Tuesday, January 14, 2020

Something to ponder

Having picked on the always-worth-reading Tyler Cowen for his travel recommendations the other day, I here praise him for calling our attention to this fascinating quote:
We examine the educational backgrounds of more than 2,900 members of the U.S. cultural elite and compare these backgrounds to a sample of nearly 4,000 business and political leaders. We find that the leading U.S. educational institutions are substantially more important for preparing future members of the cultural elite than they are for preparing future members of the business or political elite. In addition, members of the cultural elite who are recognized for outstanding achievements by peers and experts are much more likely to have obtained degrees from the leading educational institutions than are those who achieve acclaim from popular audiences.
That is from a paper titled, "Where Ivy Matters: The Educational Backgrounds of U.S. Cultural Elites". Cowen's post can be found here.


What this tells us is that an Ivy League degree is of more value as a credential than the actual education that goes with it. It is only the latest bit of evidence that suggests that these elite universities have succeeded in creating an unfair system that looks like a meritocracy on the surface but is actually based on privilege at the core.

I suspect Canadian stats would be similar. What I would like to see would be a comparison between the bureaucratic, who tend to be evaluated by "peers and experts", and elected politicians. [Last sentence edited 2020-01-27.]


Sunday, January 12, 2020

Places to go?

Tyler Cowen has shared a list of "Places to go in 2020".

Two thoughts:

1. I'm far from the only one to say this but do intellectual elites actually believe in anything anymore? Seriously, how could someone simultaneously claim to believe in anthropogenic climate change and publish a list like this? This is way beyond hypocrisy; it suggests a complete disdain for the meaning of words, a belief that the author can say whatever he wants just because he can.

2. Again, this is not a novel observation but a need to travel on that scale suggests more a desire to run away from something than towards anything. I see that list and my first thought is, "What an empty life someone must have to need this much distraction."

Friday, January 10, 2020

This candle smells like ...

If we are to trust Gwyneth Paltrow, the candle in question smells like her vagina. Could be. I'm not going to spend $75 to find out.*

The good folks at The Cut couldn't resist giving her free advertising and did an article about it. They also decided to test the proposition. Not really, they gave a number of women the opportunity to prove they could be even more narcissistic about it than Gwyneth. Way to go guys.

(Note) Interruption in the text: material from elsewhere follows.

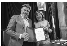
Albert Batet, Alcalde de Valls i Conxita Marsol, Cònsol d'Andorra la Vella refermen l'agermanament el 2 d'agost del 2017, 50 anys després.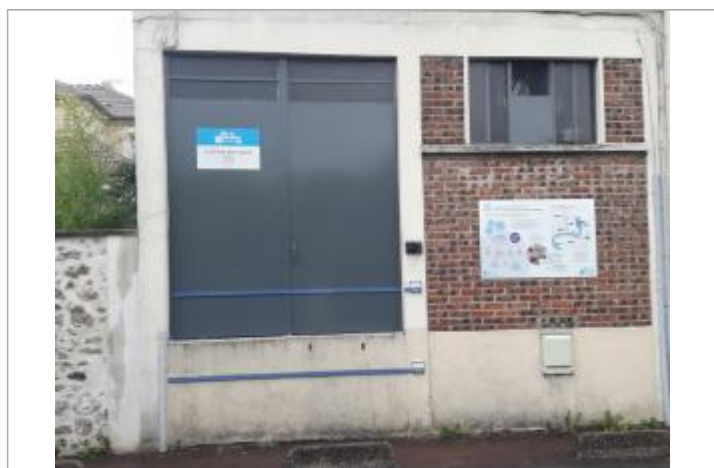
Repères de crue sur la station anti-crue du Conseil départemental du Val-de-Marne

Texte : Repères de crue sur la station anti-crue du Conseil départemental du Val-de-Marne

They didn't ask a single man for his opinion, I suspect because they couldn't count on us to be sufficiently snarky and dismissive about it. I've never know any scented candle of any variety to smell exactly like what it's meant to evoke. That said, if merely evoking that smell, rather than duplicating it, is what the candle is supposed to do, that's what every successful perfume does.

In other news, one of the most-read stories at the site suggests that Brad Pitt is offensively good looking. Yes, offensively, like it's yet another burden making life unfair for women.

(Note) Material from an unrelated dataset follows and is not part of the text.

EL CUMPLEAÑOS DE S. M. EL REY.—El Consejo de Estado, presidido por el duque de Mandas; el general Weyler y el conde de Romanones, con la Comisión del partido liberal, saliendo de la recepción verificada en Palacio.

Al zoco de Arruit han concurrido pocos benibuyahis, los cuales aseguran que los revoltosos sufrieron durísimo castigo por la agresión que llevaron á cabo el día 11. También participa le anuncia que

* Nobody asked me but, when properly made, which it rarely is, spaghetti alla puttanesca, tastes something like it. Not like Gwyneth's in particular ...


Saturday, January 4, 2020

This is how bad it has gotten

I was sent a link recently to a four-year-old story in The Guardian.

Title: "Swallowing the Red Pill: a journey to the heart of modern misogyny"

First sentence of the article (I'm not making this up)" "How shitty are men really?"

Think for a moment of how utterly lacking in self-awareness you have to be to write something like that.

This is what happens when people stop believing in anything but the pursuit of power. Stephen Marche is everything Nietzsche wrote Beyond Good and Evil to warn us about.